Public Medicine — Cheap Is More Important Than Quality

She was 32 years old and a child of the streets.  I wondered if she were a Down syndrome — what we medical types call the mosaic (partial) trisomy 21 — the chromosomal abnormality some still call Mongolism.  This was purely an intellectual exercise, as the county health service would surely not pay for the expensive study, so I would probably never know.

Homeless person sleeping on a park bench.Previous doctors had prescribed anti-psychotic medication, but she did not tolerate any of the various brands available through the county clinic. I had her try a little Abilify (arapiperazole) and it did seem to help when she remembered to take it.  Or when she slept somewhere it would not be stolen.

Life is tough on the streets. The voices told her to kill.  She generally had a knife with her for protection, so I had to take her voices pretty seriously.

I always check every woman of child-bearing years for birth control since having a baby on some of these medicines could have tragic results.  Plus – a child would not do well with a mother like this.

She told me that she enjoyed sex but got her tubes tied and never wanted babies because she didn’t much think she could take care of them.  Rare insight in one with her illness. Her voices were most horrible when she is in PMS, she told me.  Sometimes, the rest of the month, she hardly heard them at all.

So I had the idea, maybe she would like an injection to stop her period, and then we would have a good chance of making the voices go away.

“I don’t want that,” she told me.

Did she think that being a woman was that important in her life?

“No — I want to get rid of my uterus.  I don’t need it.  I have endometriosis.  I was supposed to get rid of it anyway.”

More amazing insight — two very good reasons, in my estimation, to get rid of her uterus.

The one thing she did not have was insurance. She was not eligible for  MediCal. Nor anything else state or federal. I asked the nurse and the clerical help if there were any kind of programs we could get her into.  Maybe she could be a “resident case” in some teaching hospital or something – meaning a student doctor would take care of her at no charge to get the training.  I guess I was showing my age with that one.  There are no resident cases any more.

I paged through her record like a flip-book. All those hours of psychiatrist time, trying drugs that did not seem to be taken consistently, that had intolerable effects, that did not work.

My major worry was that she could kill someone with a knife at any time.  She did not even think she was dangerous, but she was.

Then inspiration hit me — I found the way to convince the county to pay for her hysterectomy.

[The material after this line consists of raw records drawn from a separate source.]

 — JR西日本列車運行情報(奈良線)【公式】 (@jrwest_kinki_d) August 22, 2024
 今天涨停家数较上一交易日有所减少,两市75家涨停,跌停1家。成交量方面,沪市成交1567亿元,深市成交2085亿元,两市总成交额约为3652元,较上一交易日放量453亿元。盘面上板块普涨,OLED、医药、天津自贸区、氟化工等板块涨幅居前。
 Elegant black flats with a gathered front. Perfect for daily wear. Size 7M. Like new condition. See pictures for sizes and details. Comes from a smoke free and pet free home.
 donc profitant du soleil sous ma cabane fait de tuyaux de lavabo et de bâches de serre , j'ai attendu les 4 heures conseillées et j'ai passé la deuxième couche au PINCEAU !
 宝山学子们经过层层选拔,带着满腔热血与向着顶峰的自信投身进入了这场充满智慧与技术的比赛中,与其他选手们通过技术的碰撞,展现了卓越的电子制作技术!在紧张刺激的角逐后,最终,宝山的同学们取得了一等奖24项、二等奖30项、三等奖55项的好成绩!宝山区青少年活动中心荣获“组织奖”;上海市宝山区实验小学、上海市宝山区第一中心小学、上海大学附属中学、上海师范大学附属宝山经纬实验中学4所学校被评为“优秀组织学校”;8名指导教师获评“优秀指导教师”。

I told them that given her history of only being dangerous during PMS, that the full removal of her womb would be, quite simply, the cheapest way to treat her. That was the magic word – CHEAPEST. Absolutely the argument that got their attention.

The happy ending was satisfying for me and for the patient.  The cheap part was satisfying for the bean counters.

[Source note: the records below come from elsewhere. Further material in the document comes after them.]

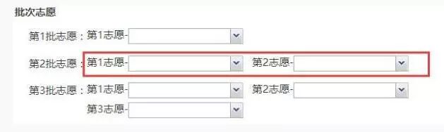 相同批次中如果有两个志愿,两个志愿填报学校不能相同。如下图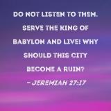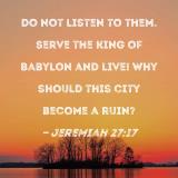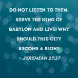 Do not listen to them. Serve the king of Babylon and live! Why should this city become a ruin?
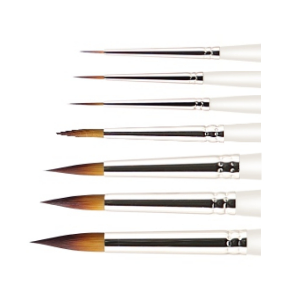 - Артикул 4984-079, кисть синтетика двухцветная круглая №0 (DN=0,7мм, L=9мм).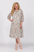 Платье женское полуприлегающего кроя, выполнено из шифоновой ткани. Изделие отрезное по линии талии, рукав втачной короткий, низ рукава обработан эластичной тесьмой. Горловина по лифу фигурная, По спинке платья имеется вставка из сетки и вырез "капелька". Платье на подкладке.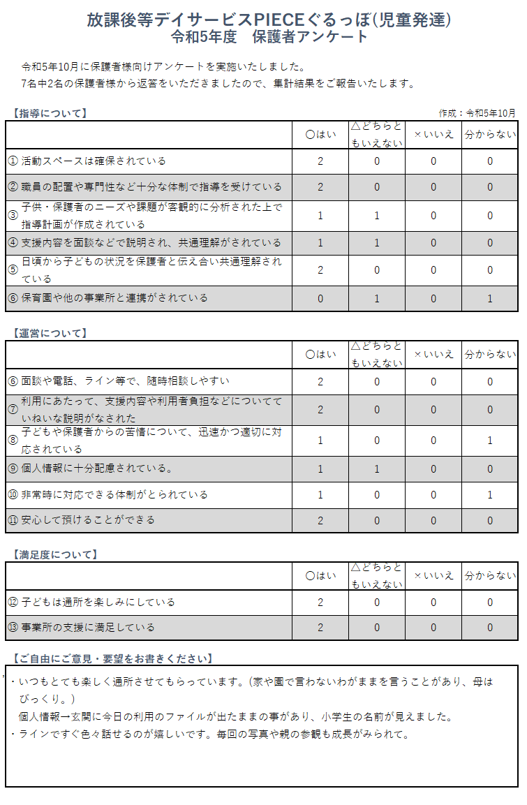 児童発達支援【PIECEぐるっぽ】R5年度保護者アンケート結果のご報告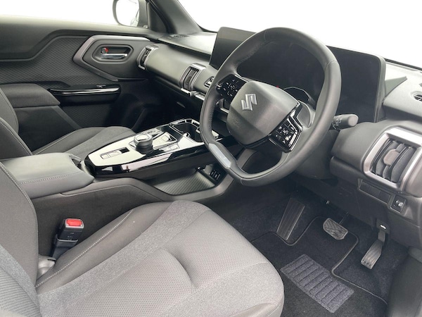 The 2025 Suzuki E-Vitara 128kW Motion 61kWh 5-door Auto Estate in a stylish bluish black colour comes with an array of advanced features. From its 18"" alloy wheels to the LED daytime running lights and high beam assist, this electric SUV offers a blend of style and technology. Inside, the cabin is equipped with creature comforts like automatic air conditioning, heated seats, and a heated steering wheel. Safety features are plentiful, including adaptive cruise control, blind spot monitoring, and multiple airbags. The Suzuki E-Vitara also boasts modern tech such as a 10.1-inch central multimedia display, navigation system, and wireless smartphone link with Apple CarPlay and Android Auto integration. With its spacious interior, practical features like selectable driving modes and selectable pedal mode, this electric vehicle is designed to offer a comfortable and efficient driving experience.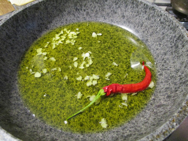 - in una padella aggiungere 30 gr. di olio extravergine d’oliva, il peperoncino e gli spicchi d’aglio tritati fini
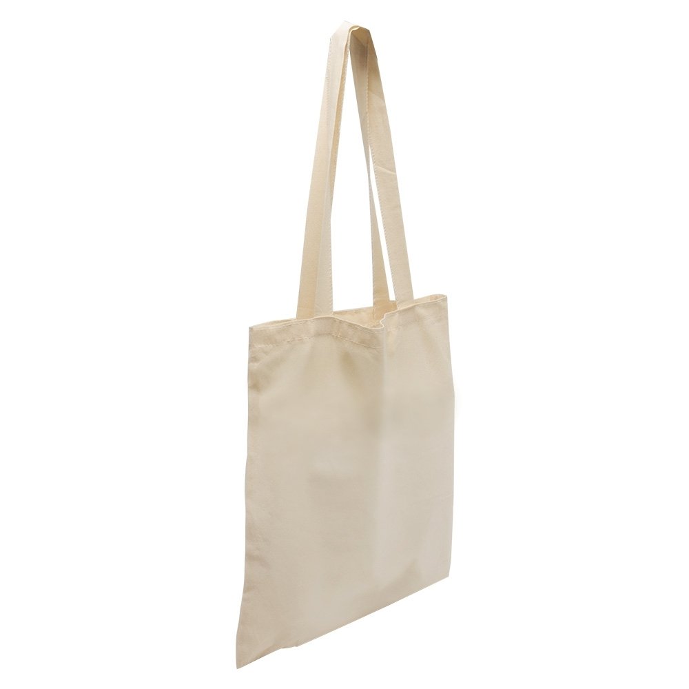 Sacola de algodão 210g/m² com 16 fios e alças costuradas na parte interna.

I wish all patients could be helped so easily and completely. Then again, most doctors don’t seem to think like I do – actually trying to help the patient. At least none had in this young lady’s medical history.

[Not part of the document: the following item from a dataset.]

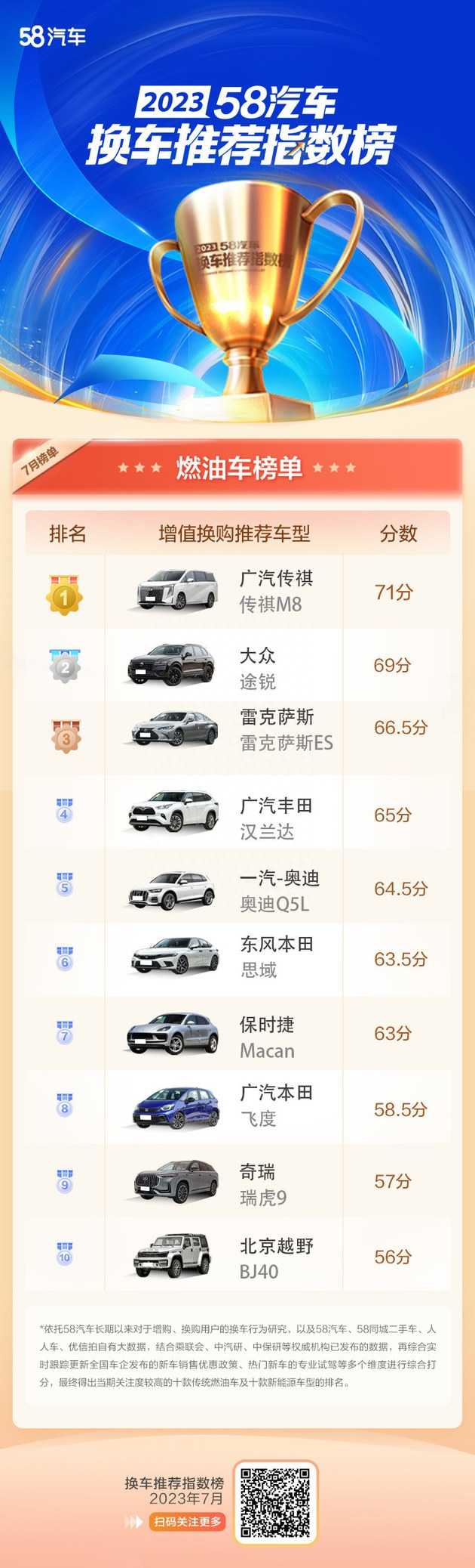 《58汽车换车推荐指数榜》燃油车 传祺M8/途锐/雷克萨斯ES排名前三

This is what our public health system has come to.  This is what the government is trying to spread to everybody in the nation – not just veterans, not just senior citizens, not just the indigent. This is the system that has no room for quality.  Just doing things on the cheap.

If it succeeds, we can only hope there are other doctors who care enough and are wiley enough to play the system so that everybody gets a happy ending.